景天科(Crassulaceae)红景天属(Rhodiola L.)植物为多年生草本或亚灌木植物,已有研究证明其具有明显的抗辐射、抗氧化和调节免疫等作用。但目前对红景天的研究仅限于对其粗提物或红景天苷的研究,对于其它活性成分的作用以及可能的机制则尚无系统的研究报道。苯乙素糖苷-红景天苷(苷元为酪醇)和苯丙素糖苷-洛塞琳、络萨维(苷元为肉桂醇)是红景天属植物的两类主要活性成分,具有独特的药理功能,因而成为近年来红景天活性研究的热点。

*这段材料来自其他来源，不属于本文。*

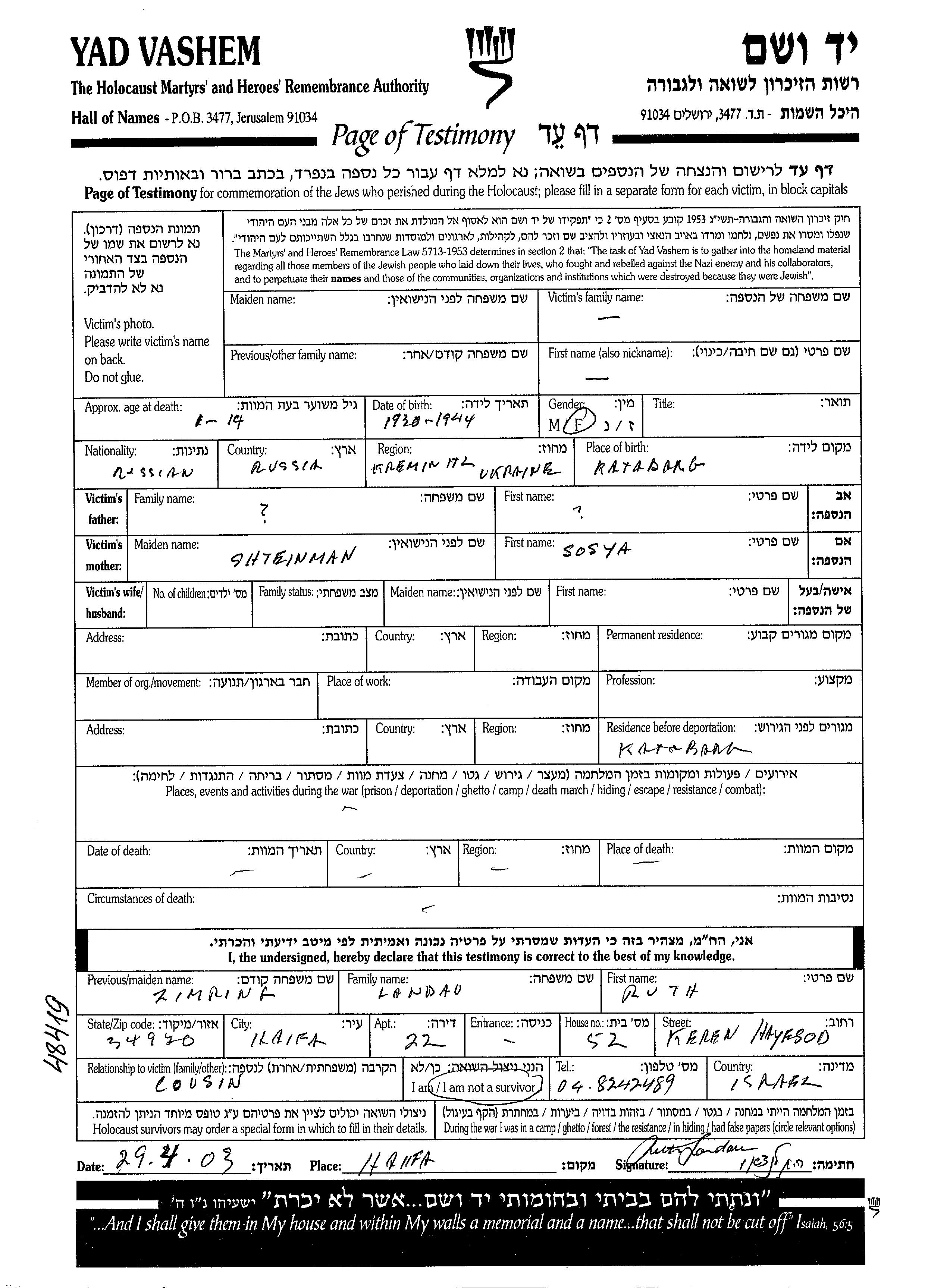 Яд Вашем - Листы свидетельских показаний Мемориального фонда
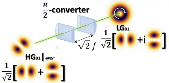 OAM can also be generated by converting a Hermite-Gaussian beam into a Laguerre-Gaussian one by using an astigmatic system with two well-aligned cylindrical lenses placed at a specific distance (see figure) in order to introduce a well-defined relative phase between horizontal and vertical Hermite-Gaussian beams.[15]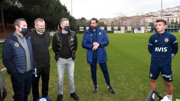 Fenerbahçe Başkanı Ali Koç ile Yönetim Kurulu Üyeleri Mustafa Kemal Danabaş ve Selahattin Baki, dün sarı-lacivertli takımla bir araya geldi. Sportif Direktör Emre Belözoğlu'nun da yer aldığı ziyarette Ali Koç, oyuncuları 4-1 kazanılan Medipol Başakşehir maçında ortaya koydukları mücadeleden dolayı tebrik etti.
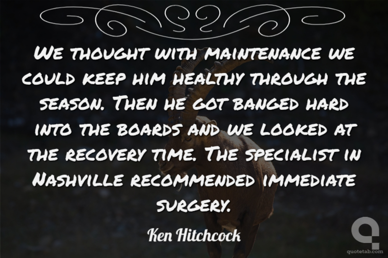 We thought with maintenance we could keep him healthy through the season. Then he got banged hard into the boards and we looked at the recovery time. The specialist in Nashville recommended immediate surgery.

本研究针对红景天中苷(苷元)类成分,从辐射防护的抗氧化机制和免疫保护作用两个角度切入,通过建立体外抗氧化模型和辐射所致的淋巴细胞损伤模型,对红景天中苷(苷元)类成分进行辐射防护活性评价,筛选得到抗辐射活性成分。基于筛选评价的结果,通过Caco-2单层细胞体外渗透转运模型对目标抗辐射活性成分的口服吸收情况进行预测,对其转运机制及影响因素进行初步探讨,评估其作为辐射防护剂的可行性,为进一步深入了解其在体内的口服吸收情况以及生物利用度等问题提供实验依据,为下一步开发高效、低毒的辐射防护剂提供基础研究资料,为潜在辐射防护剂的研发和利用奠定实验基础。
本研究主要围绕以下三方面内容展开:
(一)从辐射防护的抗氧化机理出发,利用自由基清除原理建立并优化六种体外抗氧化模型,系统地对红景天中苷(苷元)类成分的抗氧化活性进行评价。
辐射生物学效应产生的最根本原因,是由于射线作用于机体导致的生物分子电离和激发的直接作用,以及由此产生超氧阴离子,羟自由基等活性氧(Reactiveoxygen species,ROS)导致的继发作用,如核酸分子、蛋白质分子以及生物膜的损伤等。因此,清除已经形成的ROS或者抑制其产生,是辐射防护的主要途径之一。本研究建立并优化了DPPH自由基、NBT-NADH-PMS体系、羟自由基、氮氧自由基(NO)、脂质过氧化反应体系和铁离子抗氧化体系六种抗氧化模型,分别测定了芦丁苷、红景天苷、异槲皮苷、酪醇、洛塞琳、熊果苷、络萨维和肉桂醇对DPPH自由基、超氧阴离子、羟自由基和NO自由基四种自由基的清除能力,以及对脂质过氧化的抑制能力和总抗氧化能力。结果表明,红景天中的苷(苷元)类化学成分从不同方面表现出抗氧化活性:红景天苷、酪醇、洛塞琳、络萨维和肉桂醇表现出较强的羟自由基清除能力(IC_(50)分别为18.97μg·mL~(-1),10.84μg·mL~(-1),61.84μg·mL~(-1),81.08μg·mL~(-1),26.00μg·mL~(-1))。芦丁苷和异槲皮苷表现出较强的DPPH自由基和超氧阴离子清除能力,抗脂质过氧化和总抗氧化能力;熊果苷的DPPH自由基清除能力和总抗氧化能力较强。
(二)从辐射防护剂的免疫保护作用出发,利用细胞学和分子生物学实验方法建立体外辐射防护模型,在细胞水平上对红景天中苷(苷元)类化合物的体外抗辐射活性进行评价。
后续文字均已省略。